We computed optimal denoisers by optimizing SURE over the coefficients of the bumps basis, a method which we will refer to as SUREbumps. For the orthonormal case, we optimize (16), which is equivalent to (14). For the overcomplete (undecimated) case, we considered estimators optimized in the subband domain using (16) as well as estimators optimized in the image domain using (14). Fig. 2 shows a comparison of typical shrinkage functions that result from image-domain and subband-domain optimization. Roughly speaking, optimization in the image domain produces stronger suppression of small coefficients, along with preservation (or even boosting) of coefficients of moderate magnitude. That is, we may view the estimator as performing a type of sparsification, as suggested in [7] and [21]: lower-amplitude coefficients are suppressed, but medium-amplitude coefficients are boosted in order to compensate for the loss of signal energy. The boosting of mid-amplitude coefficients is also consistent with the findings of [13], in which linearly parameterized marginal shrinkage functions applied to an overcomplete block DCT representation were optimized for image-domain MSE by training on an ensemble of clean images.

Fig. 2.

Example shrinkage functions, x̂(y) = y + yΣg_θ(y), for various subbands of an undecimated Haar decomposition, as optimized for SURE in the subband domain (dashed line) and in the image domain (solid line). For midrange bands (a)–(c), the image-domain estimation functions show more shrinkage of low amplitude coefficients, with a compensatory amplification of midrange values. The high frequency band (d) shows more shrinkage. Note that all functions are equal to the identity for large values, beyond the location of the last bump.

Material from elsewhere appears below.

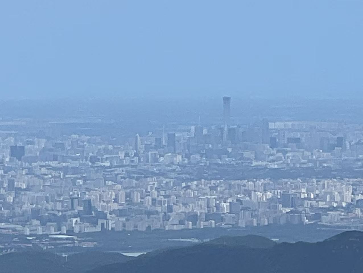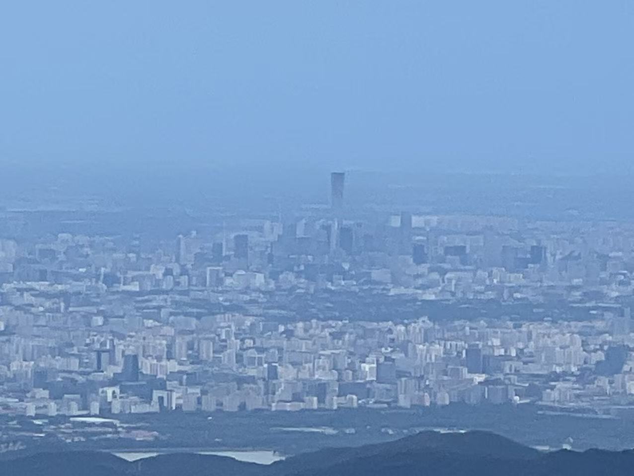 开阔地看近处的海淀、中间主城区、远处的丰台门头沟、房山。朝阳CBD。

Fig. 3 shows a comparison of PSNR performance of three methods, across nine test images [12] and a wide range of noise levels. Consistent with the proof of Section II, and with empirical results of previous literature, we see that optimizing the denoiser in the subbands of the undecimated basis leads to significant improvement (typically 1.5 dB) over the orthonormal basis. Optimizing in the image domain leads to additional improvement (typically 0.5 dB).

Fig. 3.

Comparison of denoising results for scalar SUREbumps denoisers. Each group of lines (indicated by gray regions) shows results for one type of estimator. Each line within a group indicates improvement in PSNR, as a function of input PSNR, for one of nine denoised test images [12]. All results are shown relative to those of SUREbumps applied to undecimated Haar wavelets, optimized in the subband domain (dotted line). Bottom group: SUREbumps applied to orthogonal Haar wavelets. Top group: SUREbumps applied to undecimated Haar wavelets, optimized for image-domain MSE.

To give some indication of improvement compared to a well-known result in the literature, we also compared SUREbumps with SUREshrink [31], which is based on soft thresholding functions of the form:

$$g_{\theta }(y)=\{\begin{array}{ll}-y,\hfill & \mid y\mid \le \theta \hfill \\ -sgn(y)\theta ,\hfill & \mid y\mid >\theta .\hfill \end{array}$$

Although SUREshrink may be optimized for the image domain using (14), the resulting multidimensional objective function is nonconvex, and, thus, it is not feasible to guarantee global optimality of the solution. Thus, we optimize each threshold parameter θ_k independently by minimizing SURE over subband using (16), as was done in [19] and [31]. Fig. 4 shows a comparison across all test images and noise levels, demonstrating that SUREbumps optimized in the image domain offers a substantial improvement over SUREshrink in the transform domain (typically 0.6 dB).

Fig. 4.

Performance of SUREbumps optimized in the image domain, relative to SUREshrink (soft thresholding) optimized in the subband domain [19]. Both estimators are applied to coefficients of an undecimated Haar representation. Each line indicates improvement in PSNR (dB) for one of nine test images [12].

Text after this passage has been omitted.